_SOURCE DATA_
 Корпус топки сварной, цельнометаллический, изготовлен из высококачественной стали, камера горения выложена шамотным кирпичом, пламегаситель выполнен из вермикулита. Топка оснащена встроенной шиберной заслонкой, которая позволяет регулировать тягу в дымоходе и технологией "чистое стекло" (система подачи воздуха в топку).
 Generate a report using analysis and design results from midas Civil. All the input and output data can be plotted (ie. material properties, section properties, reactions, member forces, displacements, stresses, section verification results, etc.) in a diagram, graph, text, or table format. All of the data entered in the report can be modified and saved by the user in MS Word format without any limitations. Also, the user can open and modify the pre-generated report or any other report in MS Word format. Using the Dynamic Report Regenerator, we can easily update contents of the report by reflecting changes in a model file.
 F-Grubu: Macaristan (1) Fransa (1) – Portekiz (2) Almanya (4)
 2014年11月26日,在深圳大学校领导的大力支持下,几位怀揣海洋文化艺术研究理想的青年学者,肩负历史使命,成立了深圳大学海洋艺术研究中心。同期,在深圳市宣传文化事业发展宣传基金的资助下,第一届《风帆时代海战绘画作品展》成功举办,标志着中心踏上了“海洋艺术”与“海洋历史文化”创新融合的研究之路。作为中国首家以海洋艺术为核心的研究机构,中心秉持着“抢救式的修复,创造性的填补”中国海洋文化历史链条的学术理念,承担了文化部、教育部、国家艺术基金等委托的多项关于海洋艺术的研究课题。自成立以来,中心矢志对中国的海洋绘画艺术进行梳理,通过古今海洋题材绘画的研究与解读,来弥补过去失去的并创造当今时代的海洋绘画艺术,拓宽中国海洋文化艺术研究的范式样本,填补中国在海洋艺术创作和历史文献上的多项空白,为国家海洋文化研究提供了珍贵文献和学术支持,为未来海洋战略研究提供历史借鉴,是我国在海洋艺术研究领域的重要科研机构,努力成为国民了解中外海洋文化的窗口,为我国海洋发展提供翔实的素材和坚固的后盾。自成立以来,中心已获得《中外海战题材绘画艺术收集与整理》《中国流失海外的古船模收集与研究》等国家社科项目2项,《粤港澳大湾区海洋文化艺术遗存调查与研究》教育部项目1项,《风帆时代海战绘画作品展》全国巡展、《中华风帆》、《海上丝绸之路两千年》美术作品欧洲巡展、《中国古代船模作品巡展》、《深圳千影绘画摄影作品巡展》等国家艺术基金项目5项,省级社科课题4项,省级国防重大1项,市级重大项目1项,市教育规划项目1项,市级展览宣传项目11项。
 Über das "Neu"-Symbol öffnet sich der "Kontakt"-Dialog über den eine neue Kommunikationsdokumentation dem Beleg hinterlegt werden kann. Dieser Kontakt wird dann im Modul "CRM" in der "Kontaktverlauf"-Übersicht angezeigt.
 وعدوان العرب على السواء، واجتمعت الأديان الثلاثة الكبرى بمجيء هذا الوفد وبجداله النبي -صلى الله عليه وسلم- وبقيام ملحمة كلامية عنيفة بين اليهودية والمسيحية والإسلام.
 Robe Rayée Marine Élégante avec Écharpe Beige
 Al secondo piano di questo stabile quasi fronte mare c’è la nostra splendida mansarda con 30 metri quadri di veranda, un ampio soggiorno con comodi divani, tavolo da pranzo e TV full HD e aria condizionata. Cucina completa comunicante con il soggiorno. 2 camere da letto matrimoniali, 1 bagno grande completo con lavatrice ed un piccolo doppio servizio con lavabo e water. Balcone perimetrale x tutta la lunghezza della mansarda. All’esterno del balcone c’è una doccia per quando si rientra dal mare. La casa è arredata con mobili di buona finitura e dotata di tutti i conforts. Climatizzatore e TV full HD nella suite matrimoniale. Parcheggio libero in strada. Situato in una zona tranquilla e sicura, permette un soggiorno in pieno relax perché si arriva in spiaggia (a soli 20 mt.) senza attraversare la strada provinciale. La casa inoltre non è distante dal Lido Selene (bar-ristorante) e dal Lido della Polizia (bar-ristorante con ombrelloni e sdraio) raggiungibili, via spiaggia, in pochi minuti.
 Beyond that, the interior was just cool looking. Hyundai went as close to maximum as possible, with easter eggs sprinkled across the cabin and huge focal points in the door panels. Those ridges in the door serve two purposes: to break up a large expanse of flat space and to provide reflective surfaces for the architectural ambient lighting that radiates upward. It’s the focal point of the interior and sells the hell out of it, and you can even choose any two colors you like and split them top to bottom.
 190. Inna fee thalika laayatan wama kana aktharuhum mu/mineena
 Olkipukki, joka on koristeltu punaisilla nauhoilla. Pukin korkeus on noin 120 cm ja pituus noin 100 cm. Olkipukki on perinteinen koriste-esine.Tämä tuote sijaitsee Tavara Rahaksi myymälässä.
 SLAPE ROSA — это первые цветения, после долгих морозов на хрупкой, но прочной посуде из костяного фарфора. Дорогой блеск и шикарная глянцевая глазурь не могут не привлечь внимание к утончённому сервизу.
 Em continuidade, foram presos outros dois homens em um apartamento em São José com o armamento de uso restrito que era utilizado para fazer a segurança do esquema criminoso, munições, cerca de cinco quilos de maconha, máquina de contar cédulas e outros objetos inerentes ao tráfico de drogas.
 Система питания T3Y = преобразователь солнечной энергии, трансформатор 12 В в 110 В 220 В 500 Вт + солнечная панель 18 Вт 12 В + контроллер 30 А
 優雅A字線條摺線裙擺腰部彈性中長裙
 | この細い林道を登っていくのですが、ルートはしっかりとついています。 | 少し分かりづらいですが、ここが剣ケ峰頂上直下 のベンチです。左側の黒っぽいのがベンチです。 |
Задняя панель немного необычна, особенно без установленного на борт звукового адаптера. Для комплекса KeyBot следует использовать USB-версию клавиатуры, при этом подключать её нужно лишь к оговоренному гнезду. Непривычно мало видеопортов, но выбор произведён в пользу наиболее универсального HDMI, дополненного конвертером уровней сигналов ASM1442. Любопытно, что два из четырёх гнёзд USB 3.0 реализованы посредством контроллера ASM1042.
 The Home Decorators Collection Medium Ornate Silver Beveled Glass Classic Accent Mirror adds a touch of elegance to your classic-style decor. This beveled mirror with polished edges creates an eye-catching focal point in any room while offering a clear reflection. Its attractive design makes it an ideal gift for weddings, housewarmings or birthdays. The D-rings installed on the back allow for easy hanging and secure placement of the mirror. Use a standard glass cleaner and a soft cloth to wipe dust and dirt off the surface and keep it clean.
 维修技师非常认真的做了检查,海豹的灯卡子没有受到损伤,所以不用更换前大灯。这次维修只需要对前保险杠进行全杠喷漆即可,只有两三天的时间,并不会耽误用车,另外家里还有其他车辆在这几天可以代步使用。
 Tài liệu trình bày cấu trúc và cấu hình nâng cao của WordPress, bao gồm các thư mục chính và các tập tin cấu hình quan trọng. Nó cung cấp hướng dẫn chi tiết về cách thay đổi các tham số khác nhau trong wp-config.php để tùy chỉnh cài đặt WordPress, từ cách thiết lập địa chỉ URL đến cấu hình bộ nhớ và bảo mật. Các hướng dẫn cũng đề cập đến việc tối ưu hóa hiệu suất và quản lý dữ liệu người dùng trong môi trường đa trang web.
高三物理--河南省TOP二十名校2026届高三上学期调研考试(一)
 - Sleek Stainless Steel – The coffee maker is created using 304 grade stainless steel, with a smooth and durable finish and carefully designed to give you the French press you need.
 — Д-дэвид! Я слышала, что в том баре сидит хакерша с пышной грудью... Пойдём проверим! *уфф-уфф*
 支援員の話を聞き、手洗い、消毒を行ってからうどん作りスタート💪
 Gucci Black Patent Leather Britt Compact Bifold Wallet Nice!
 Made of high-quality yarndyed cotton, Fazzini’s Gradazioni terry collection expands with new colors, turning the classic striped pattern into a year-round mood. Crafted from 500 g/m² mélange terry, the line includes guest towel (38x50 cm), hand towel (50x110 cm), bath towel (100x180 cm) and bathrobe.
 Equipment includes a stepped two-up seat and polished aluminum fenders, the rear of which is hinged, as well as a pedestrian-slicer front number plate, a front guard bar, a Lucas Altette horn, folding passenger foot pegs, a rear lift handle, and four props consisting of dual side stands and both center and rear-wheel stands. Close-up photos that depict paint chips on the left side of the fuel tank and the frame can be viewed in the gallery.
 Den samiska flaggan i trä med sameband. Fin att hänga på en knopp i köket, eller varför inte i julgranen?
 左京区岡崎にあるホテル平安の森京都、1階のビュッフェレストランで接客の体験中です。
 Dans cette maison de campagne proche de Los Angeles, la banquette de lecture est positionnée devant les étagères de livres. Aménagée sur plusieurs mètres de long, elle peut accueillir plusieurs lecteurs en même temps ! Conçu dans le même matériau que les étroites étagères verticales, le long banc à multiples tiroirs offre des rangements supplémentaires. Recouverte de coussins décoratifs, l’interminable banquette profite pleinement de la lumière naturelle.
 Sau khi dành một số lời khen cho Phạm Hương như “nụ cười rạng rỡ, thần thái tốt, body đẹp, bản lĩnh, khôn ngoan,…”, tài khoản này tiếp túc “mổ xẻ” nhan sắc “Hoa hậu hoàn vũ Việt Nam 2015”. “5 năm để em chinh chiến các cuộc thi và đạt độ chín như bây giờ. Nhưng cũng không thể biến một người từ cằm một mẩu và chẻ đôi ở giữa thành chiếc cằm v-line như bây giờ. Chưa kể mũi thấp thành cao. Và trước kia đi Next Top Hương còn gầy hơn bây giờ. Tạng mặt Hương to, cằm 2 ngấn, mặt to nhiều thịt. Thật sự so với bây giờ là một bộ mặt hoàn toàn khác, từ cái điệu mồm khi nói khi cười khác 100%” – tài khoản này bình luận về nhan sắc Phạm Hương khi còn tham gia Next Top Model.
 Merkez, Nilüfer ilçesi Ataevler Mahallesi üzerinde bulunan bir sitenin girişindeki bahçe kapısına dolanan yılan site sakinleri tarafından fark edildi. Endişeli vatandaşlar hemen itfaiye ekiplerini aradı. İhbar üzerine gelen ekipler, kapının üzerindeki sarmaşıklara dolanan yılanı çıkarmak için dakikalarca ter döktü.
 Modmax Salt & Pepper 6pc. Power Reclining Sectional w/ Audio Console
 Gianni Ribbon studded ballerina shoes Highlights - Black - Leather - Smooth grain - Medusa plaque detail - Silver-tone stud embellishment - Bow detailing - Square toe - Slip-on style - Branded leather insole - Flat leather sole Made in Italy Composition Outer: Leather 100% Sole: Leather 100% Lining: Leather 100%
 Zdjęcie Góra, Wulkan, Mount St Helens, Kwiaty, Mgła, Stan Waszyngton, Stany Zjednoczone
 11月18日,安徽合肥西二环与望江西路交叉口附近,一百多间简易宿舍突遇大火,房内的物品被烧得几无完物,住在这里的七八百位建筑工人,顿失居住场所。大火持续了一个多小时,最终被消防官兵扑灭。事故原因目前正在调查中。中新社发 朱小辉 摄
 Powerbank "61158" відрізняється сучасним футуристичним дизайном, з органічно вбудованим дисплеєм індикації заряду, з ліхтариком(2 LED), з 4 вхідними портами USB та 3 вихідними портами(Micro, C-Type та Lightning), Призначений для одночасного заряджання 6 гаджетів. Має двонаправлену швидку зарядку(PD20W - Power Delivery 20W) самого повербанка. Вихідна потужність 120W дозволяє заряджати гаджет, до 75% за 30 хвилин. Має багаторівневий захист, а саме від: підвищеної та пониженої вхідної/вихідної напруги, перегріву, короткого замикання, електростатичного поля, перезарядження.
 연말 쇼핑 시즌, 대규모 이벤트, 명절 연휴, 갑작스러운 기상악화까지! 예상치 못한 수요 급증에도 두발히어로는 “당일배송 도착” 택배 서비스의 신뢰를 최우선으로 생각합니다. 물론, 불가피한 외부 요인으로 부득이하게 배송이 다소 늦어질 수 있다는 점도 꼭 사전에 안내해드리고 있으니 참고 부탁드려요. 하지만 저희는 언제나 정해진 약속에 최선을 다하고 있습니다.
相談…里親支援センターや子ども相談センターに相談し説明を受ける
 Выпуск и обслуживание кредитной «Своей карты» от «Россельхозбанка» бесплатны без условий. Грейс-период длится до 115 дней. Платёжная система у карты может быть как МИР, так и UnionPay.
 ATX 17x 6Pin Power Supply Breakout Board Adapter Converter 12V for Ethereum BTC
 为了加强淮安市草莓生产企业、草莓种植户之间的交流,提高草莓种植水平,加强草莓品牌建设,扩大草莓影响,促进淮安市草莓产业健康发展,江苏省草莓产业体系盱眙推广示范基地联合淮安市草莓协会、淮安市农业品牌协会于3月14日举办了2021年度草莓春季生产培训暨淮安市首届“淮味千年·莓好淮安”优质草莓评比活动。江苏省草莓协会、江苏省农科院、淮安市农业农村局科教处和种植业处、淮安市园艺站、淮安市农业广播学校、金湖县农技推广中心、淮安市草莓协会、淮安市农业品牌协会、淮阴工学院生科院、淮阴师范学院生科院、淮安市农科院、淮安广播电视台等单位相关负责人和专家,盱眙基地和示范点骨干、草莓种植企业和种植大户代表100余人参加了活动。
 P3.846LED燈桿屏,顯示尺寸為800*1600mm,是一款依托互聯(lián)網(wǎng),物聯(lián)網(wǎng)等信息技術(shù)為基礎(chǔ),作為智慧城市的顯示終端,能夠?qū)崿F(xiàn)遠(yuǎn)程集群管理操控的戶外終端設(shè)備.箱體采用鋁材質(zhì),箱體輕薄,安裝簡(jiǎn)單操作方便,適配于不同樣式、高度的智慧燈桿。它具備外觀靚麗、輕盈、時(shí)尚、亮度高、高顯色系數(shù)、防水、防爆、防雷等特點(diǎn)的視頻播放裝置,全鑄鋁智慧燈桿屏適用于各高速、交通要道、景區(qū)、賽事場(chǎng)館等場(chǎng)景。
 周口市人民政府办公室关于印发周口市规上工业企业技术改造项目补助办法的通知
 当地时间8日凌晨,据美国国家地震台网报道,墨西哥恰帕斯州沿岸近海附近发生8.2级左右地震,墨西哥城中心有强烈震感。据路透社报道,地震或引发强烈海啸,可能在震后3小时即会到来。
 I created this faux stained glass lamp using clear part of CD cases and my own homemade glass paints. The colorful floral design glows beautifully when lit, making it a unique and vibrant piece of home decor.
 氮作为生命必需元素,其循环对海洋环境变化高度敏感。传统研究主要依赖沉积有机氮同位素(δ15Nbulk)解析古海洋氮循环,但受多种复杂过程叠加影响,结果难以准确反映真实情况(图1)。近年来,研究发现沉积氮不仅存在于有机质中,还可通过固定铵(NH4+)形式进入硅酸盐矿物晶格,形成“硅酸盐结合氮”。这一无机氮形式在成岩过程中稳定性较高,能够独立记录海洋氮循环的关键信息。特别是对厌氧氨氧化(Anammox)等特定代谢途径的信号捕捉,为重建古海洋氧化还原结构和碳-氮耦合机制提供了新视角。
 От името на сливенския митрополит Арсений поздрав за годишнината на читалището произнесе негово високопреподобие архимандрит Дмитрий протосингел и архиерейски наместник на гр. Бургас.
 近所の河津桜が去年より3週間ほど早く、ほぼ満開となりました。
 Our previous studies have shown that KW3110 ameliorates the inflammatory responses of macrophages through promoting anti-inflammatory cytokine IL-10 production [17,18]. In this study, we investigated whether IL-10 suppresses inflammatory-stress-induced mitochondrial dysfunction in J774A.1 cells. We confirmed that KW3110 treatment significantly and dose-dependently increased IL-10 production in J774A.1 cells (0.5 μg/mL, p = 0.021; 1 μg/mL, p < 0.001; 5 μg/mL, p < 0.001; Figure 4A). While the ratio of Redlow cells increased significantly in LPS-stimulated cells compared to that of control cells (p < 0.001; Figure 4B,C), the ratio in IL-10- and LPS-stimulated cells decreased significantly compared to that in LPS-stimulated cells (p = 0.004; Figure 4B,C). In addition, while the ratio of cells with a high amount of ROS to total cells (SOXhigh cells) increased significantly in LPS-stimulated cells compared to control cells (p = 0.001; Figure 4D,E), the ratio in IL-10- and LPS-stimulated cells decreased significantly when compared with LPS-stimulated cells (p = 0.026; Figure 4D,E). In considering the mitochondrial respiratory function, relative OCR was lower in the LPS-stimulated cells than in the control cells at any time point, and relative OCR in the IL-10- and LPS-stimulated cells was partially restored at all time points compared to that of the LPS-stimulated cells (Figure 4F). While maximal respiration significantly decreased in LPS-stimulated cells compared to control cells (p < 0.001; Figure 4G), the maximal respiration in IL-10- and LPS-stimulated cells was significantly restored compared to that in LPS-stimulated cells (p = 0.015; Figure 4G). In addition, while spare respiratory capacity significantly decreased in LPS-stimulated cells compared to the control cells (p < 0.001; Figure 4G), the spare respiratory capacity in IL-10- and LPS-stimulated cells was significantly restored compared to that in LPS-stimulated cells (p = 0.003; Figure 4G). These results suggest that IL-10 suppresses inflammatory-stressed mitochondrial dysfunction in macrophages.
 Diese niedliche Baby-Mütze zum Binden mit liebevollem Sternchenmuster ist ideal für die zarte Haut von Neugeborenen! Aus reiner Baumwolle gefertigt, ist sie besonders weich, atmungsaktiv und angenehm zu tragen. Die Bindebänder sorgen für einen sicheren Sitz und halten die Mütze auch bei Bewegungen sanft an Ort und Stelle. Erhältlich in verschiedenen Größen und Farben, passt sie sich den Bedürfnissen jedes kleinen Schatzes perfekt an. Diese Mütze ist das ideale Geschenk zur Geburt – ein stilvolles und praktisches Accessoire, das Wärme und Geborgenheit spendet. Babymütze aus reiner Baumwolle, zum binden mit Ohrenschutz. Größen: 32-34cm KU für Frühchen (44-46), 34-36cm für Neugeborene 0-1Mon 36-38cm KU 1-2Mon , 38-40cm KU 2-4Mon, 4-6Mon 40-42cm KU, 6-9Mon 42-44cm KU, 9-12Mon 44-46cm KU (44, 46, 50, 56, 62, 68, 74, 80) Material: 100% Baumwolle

_DIRECTIONS_
Show all lines from the data that contain "includes".

_TASK ANSWER_
 Made of high-quality yarndyed cotton, Fazzini’s Gradazioni terry collection expands with new colors, turning the classic striped pattern into a year-round mood. Crafted from 500 g/m² mélange terry, the line includes guest towel (38x50 cm), hand towel (50x110 cm), bath towel (100x180 cm) and bathrobe.
 Equipment includes a stepped two-up seat and polished aluminum fenders, the rear of which is hinged, as well as a pedestrian-slicer front number plate, a front guard bar, a Lucas Altette horn, folding passenger foot pegs, a rear lift handle, and four props consisting of dual side stands and both center and rear-wheel stands. Close-up photos that depict paint chips on the left side of the fuel tank and the frame can be viewed in the gallery.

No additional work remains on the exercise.